[INPUT FOR THIS TASK]:
● ● ●
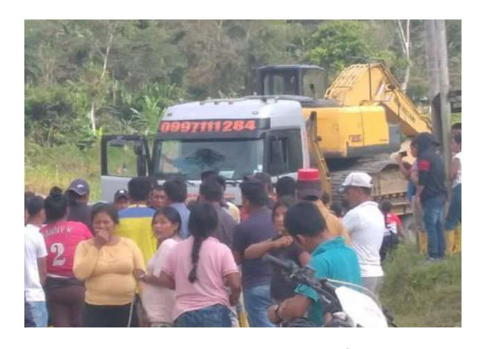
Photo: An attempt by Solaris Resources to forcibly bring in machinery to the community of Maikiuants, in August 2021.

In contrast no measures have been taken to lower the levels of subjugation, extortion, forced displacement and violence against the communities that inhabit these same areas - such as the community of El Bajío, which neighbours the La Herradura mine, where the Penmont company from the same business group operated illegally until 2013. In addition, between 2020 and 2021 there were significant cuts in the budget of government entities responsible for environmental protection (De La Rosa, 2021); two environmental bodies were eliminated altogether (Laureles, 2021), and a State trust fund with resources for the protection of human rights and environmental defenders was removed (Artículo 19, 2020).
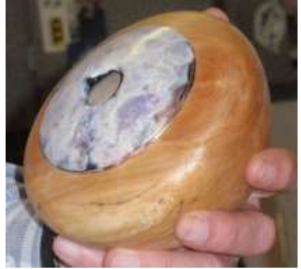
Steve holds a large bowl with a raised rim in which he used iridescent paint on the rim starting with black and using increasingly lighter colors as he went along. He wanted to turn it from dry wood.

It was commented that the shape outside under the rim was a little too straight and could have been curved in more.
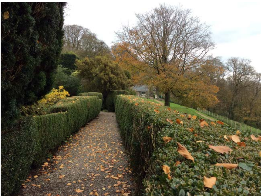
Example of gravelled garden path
● ● ●
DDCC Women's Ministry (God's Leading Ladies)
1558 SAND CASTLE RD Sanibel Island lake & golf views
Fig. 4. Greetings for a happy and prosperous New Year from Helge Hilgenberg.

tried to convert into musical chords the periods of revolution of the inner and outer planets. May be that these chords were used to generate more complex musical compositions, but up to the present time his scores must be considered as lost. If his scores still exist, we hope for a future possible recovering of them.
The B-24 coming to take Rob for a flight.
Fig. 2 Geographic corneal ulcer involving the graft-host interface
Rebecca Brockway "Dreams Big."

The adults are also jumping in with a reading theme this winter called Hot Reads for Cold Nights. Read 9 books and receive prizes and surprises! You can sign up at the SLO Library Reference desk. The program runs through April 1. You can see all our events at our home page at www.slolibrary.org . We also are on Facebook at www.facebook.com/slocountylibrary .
● ● ●
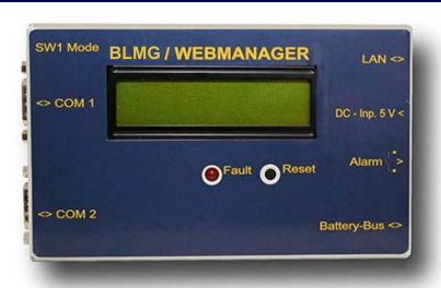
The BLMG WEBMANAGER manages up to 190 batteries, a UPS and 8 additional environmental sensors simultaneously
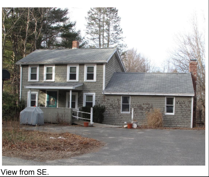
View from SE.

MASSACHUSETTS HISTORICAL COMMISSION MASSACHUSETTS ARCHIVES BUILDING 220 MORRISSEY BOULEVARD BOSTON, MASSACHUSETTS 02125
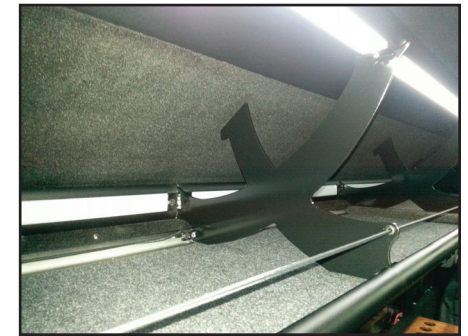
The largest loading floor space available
● ● ●
[WORK TASK]: Starting with the line that has "It was commented" and ending with the line that has "Example of gravelled garden path", repeat the lines above exactly, omitting every picture.

[RESULT FOR THIS TASK]:
It was commented that the shape outside under the rim was a little too straight and could have been curved in more.
Example of gravelled garden path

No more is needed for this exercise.